What is sensational about Hood’s film is that it achieves a glorious cinematic experience for viewers without showing them much more than heated discussions. Aside from some CGI drone shots and amazing bug-shaped flying cameras, the scenes take place in offices, cabins or hotel rooms - not exactly James Bond locations! However, the fierce, unrelenting tension which strings these locations together, which all derives from one central decision, makes this film more effective than the flashiest of globetrotting war movies or spy films. This is bolstered by a phenomenal script being delivered by some phenomenal performances. Mirren is a brutal revelation, offering up a portrayal of a character so driven by action and necessity that the political squabbling that comes from such warfare drives her to the point of outrage. She liaises with Lieutenant Benson (Alan Rickman), who are fantastic together in their restrained, yet obvious, dislike for red tape and political maneuvering.

Other standout performances include Barkhad Abdi as an operative on the ground in Kenya who risks his life in almost every scene he is in. During one fantastic sequence he manages to elude a group of armed militants which is genuinely edge-of-your-seat stuff.


Barkhad Abdi Eye in the Sky

In any film which hops between locations, there is always the risk of under-developing certain story threads or characters, and largely Hood bypasses this, keeping everyone in the same loop and managing to tell a cohesive and compelling narrative. The only slight disappointment audiences may have is in Aaron Paul’s pilot, whose rookie status and reluctance to follow orders in the gung-ho manner most of his American compatriots do, never gets fully fleshed out. That being said, Paul delivers a grounded performance which is still great.

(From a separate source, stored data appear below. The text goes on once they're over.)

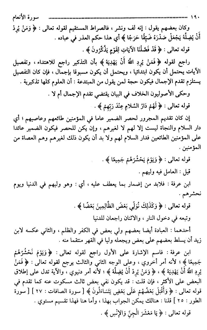 ابن عرفة: فاسم الإشارة على الأول راجع لقوله تعالى: (وَيَوْمَ يَحْشُرُهُمْ جَمِيعًا)؛ لأنه أمر أخروي، وعلى الوجه الثاني والثالث يرجع لقوله تعالى: (فَمَنْ يُرِدِ اللَّهُ أَنْ يَهْدِيَهُ)، (وَمَنْ يُرِدْ أَنْ يُضِلَّهُ)؛ لأنه أمر دنيوي، والآية تدل على إطلاق البعض على الأكثر، فإن قلت: قد يكون نفي بعض ثالث مسكوت عنه كما تقدم في قوله تعالى: (وَأَقْبَلَ بَعْضُهُم عَلَى بَعْضٍ يَتَسَاءَلُونَ) قلنا: هنالك يمكن الجواب بهذا، وأما هنا فهذا تقسيم مستوي.
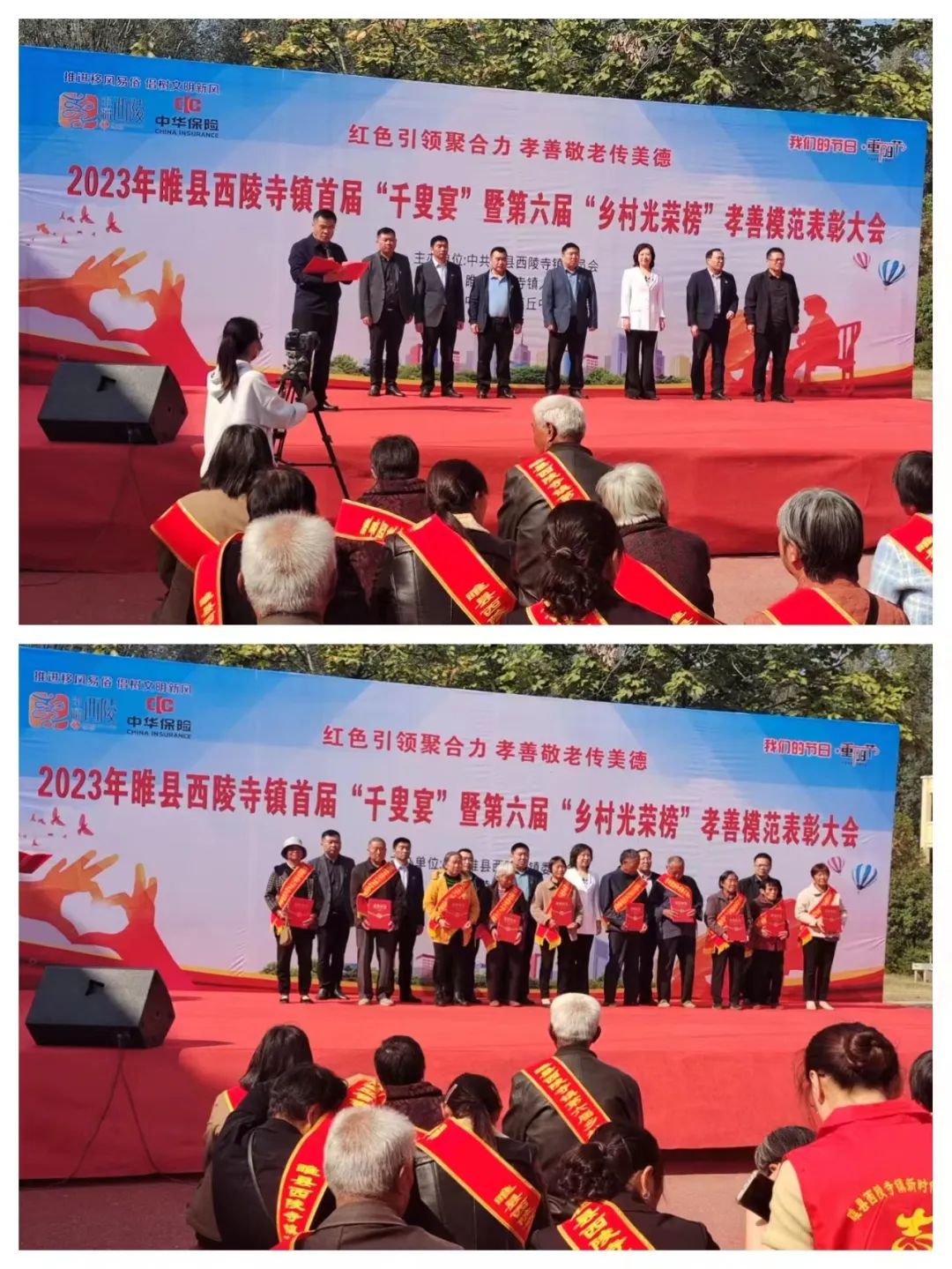 中华财险联合睢县西陵寺镇人民政府召开了2023年睢县西陵寺镇首届“千叟宴”暨第六届“乡村光荣榜”孝善模范表彰大会
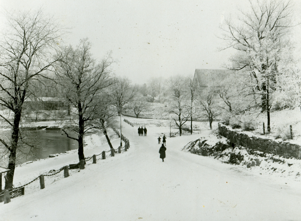 Vy mot Gustavsbergs kyrka som skymtar till höger i bakgrunden.
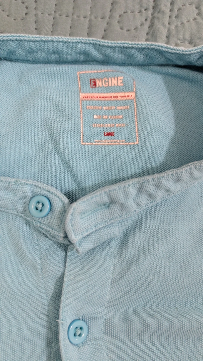 This ENGINE shirt is a light blue colour with a banded collar. It's made of a textured knit fabric. It has a button-up front.
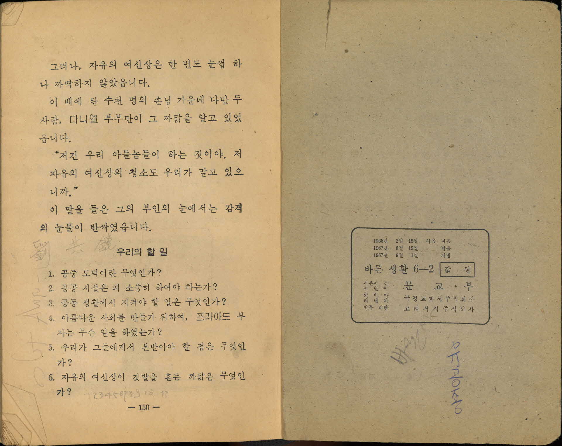 이 국민학교 6학년 2학기 『바른생활』 교과서는 제2차 교육과정기(1963.2.∼1973.2.)기인 1966년 2월에 문교부에서 짓고 펴낸 것을 1967년 9월에 다시 국정교과서주식회사에서 펴낸것이다. 업무대행은 고려서적주식회사였다. 제2차 교육과정기인 1963년 2월 15일에 개정·공포된 초등학교 교육과정(문교부령 제119호)기에는 ‘생활 중심 교육과정’을 표방하였다. 1970학년도부터 초등학교 4학년 이상 모든 교과용 도서의 앞표제지와 속표제지 사이에 국민교육헌장 게재로 확대되었다. 제2차 교육과정기의 국정교과서 개편 작업은 1963년부터 1967년까지 계속되었다. 모든 교과서에서 한자를 제거하기도 했다. 초등학교의 신편 교과서는 1963년에 1∼2학년용이 완료되어 1964년부터 사용되었다. 3∼4학년용은 1965년, 그리고 5∼6학년용은 1966년부터 사용되었다. 이 무렵 국정교과서 번각 발행사로는 국정교과서주식회사(초등학교용), 대한교과서주식회사, 고려서적주식회사, 동아서적주식회사(이상 중·고등학교용)의 4개사 체제였다.
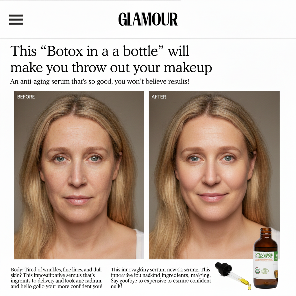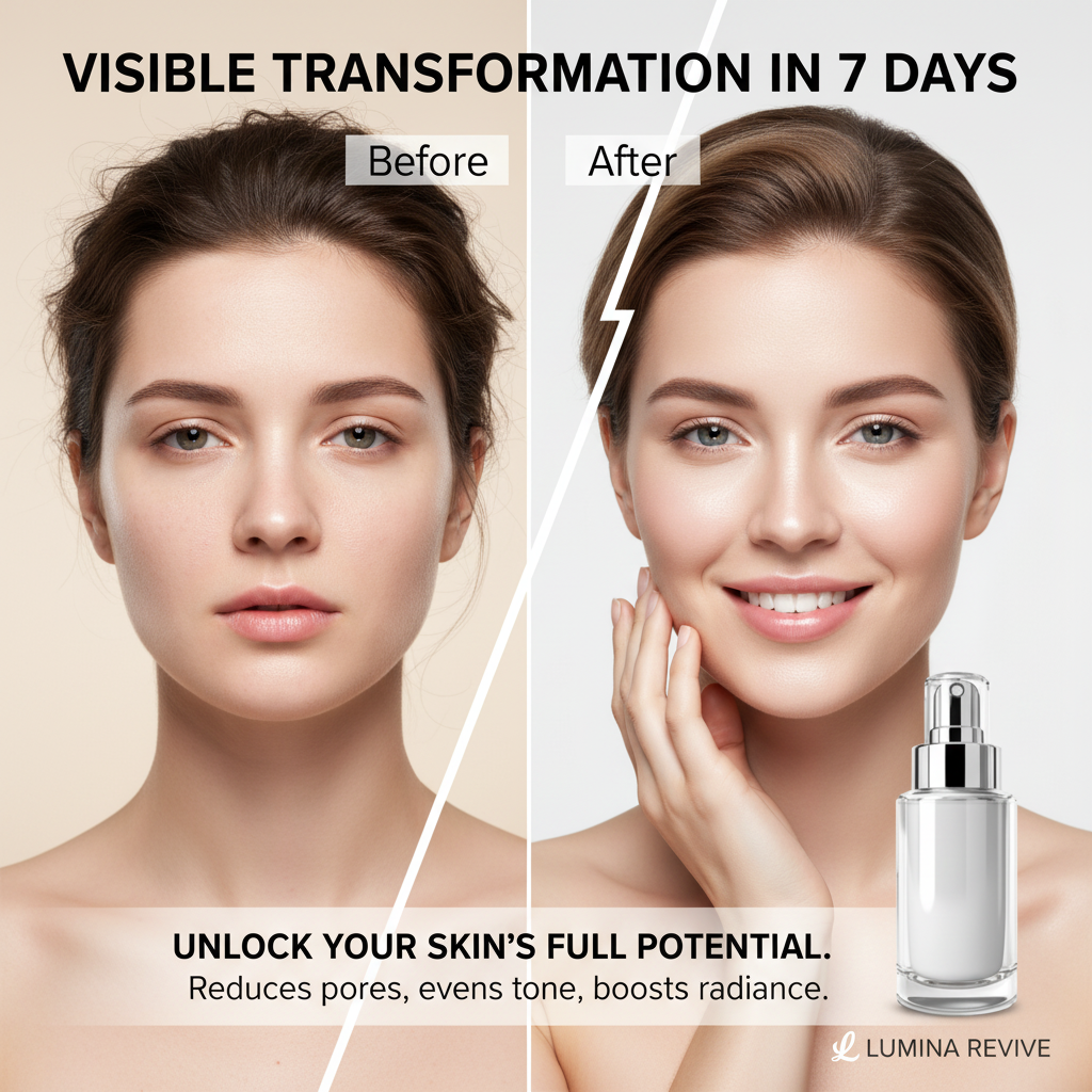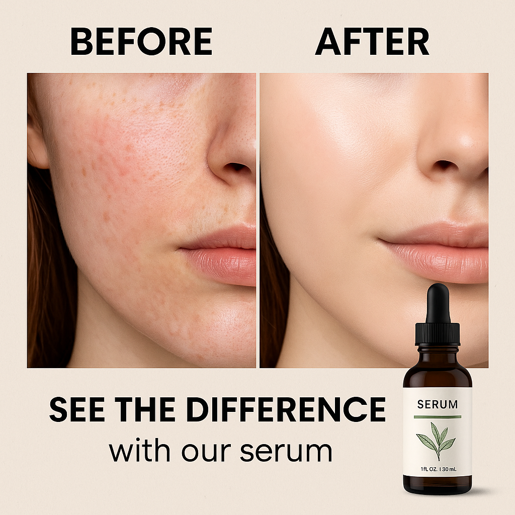 Create a female transformation-style ad using the product image. Headline: show contrast (before → after). Subtext: highlight the clear difference with product use. Design: split-screen layout or comparison overlay.
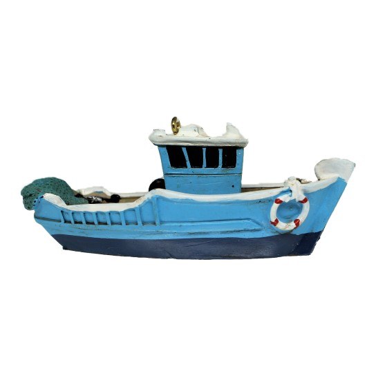 THIS CHRISTMAS ORNAMENT IS MADE OF RESIN AND MEASURES APPROX. 1.5" X 3.5". LIGHT BLUE FISHING BOAT
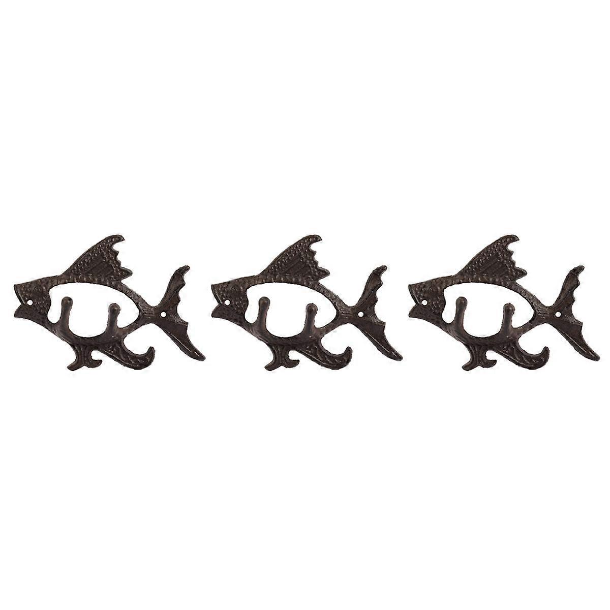 3X Fish with Two Hooks Ocean Series Cast Iron Wall Hook Wall Mount Towel Hanger Hook for Hat, Key
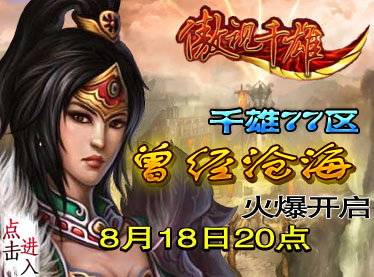 搜索"8090网页游戏"8090傲视千雄将于8月18日 20:00 开启双线傲视千雄77区"曾经沧海",各路英雄请火速进驻,共同体验万人在线热血竞技的快感!
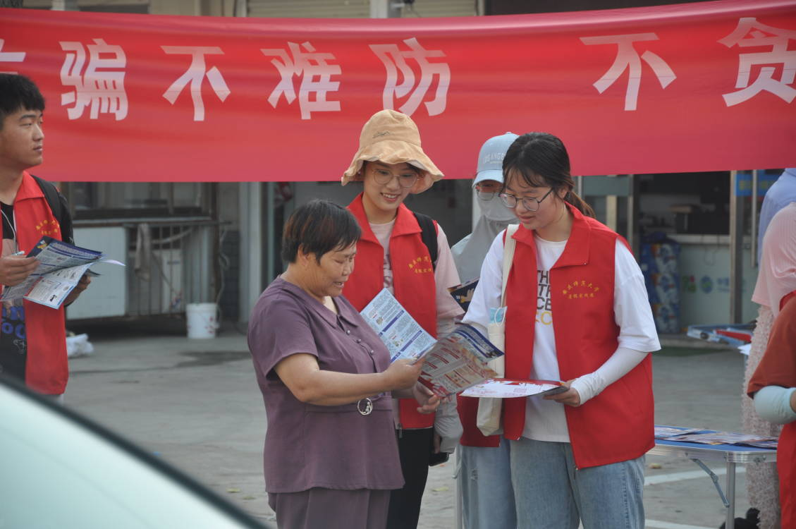 “奶奶,您好,这是关于预防网络诈骗的一些注意事项……”清晨的街道上,一群穿着红色志愿马甲的师大学子正在向过往的爷爷奶奶们宣传预防网络诈骗知识,定远县仓镇人民政府和beat365英国官网网站三下乡返家乡实践团队共同开展了此次预防网络诈骗的宣传活动。在活动宣传时,每一位实践团成员手拿一沓宣传手册,耐心的向过往的老人宣传预防网络诈骗知识。将防诈骗知识与注意事项印刷在宣传手册里,方便老人们携带与阅读,再由志愿者们进行宣传讲解,让更多老人了解网络诈骗,远离网络诈骗。
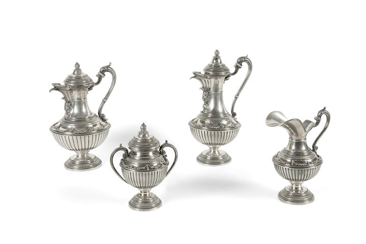 Servizio in argento composto da caffettiera, teiera, lattiera e zuccheriera,
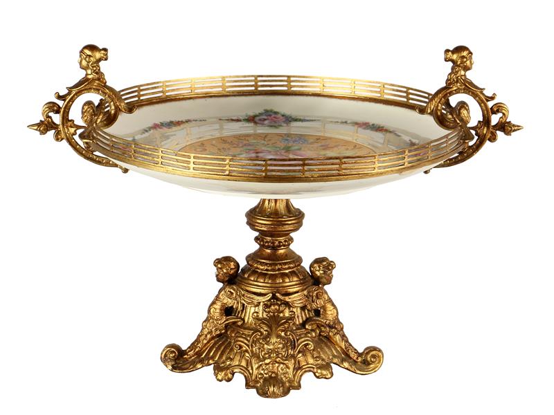 FRANSIZ. LİMOGES İMALAT DAMGALI. ÇİFT EROS FİGÜRLÜ. KIVRIK AYAKLI BRONZ KAİDE ÜZERİNDE FİGÜR BAŞLI ÇİFT TUTAMAKLAR YUVARLAK FORMLU KORUMA İLE MONTELENEN PORSELENİN ÜZERİ EL YAPIMI ÇOK RENKLİ ÇİÇEKLERLE DEKORLU. DÜNYACA ÜNLÜ ANTİKA LİMOGES DEKORLARINDAN ESİNLENİLMİŞTİR. ÇAP 44 CM. H 31 CM.
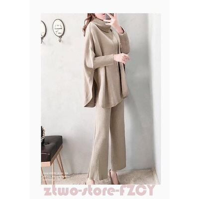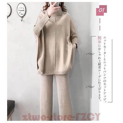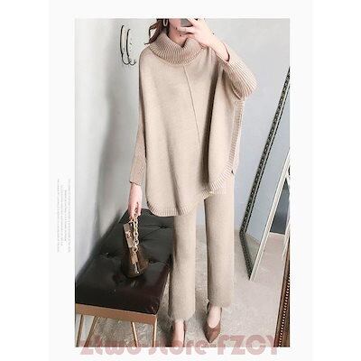 セットアップ ニットセーター 秋冬 レディース ワイドパンツ ニットパンツ 2点セット 30代 40代 50代 お洒落 ママ トップス 入園式 卒業式 セレモニー 上品

Thematically, Eye in the Sky asks more questions than it answers. Rather than telling a bread and water heroes and villains story, it offers up a plate of spaghetti mixed with a stew of a thousand ingredients, each one reluctant to be considered the main one, but all of which vital to the film’s success. By engaging in such a detached manner of combat, there is already a degree of relevancy to the movie, whose audience will have experienced watching the 24-hour news coverage of the war over the years. The quagmire of extremism itself has not exactly shrunk during the duration of this global conflict, and Hood’s film begs the question that are drone attacks saving lives and minimising casualties, or actually turning more people against a Western force which invades from the sky?


Alan Rickman Eye in the Sky

Eye in the Sky also points an accusatory finger are commentators who relish the luxury of non-involvement, with Rickman’s beautiful delivery to a magnanimous politician who offhandedly denounces the whole operation as being disgraceful.

Eye in the Sky stands up there with the best offerings from a genre so entrenched in our popular culture. A stark reminder of the relentless war being waged and the impossible decisions being made by real people. Regardless of your political leanings, it’s a film which deserves our attention for creating a discourse of where we are right now, what we should have learned, and how we can never stop evaluating what we do in the quest for peace.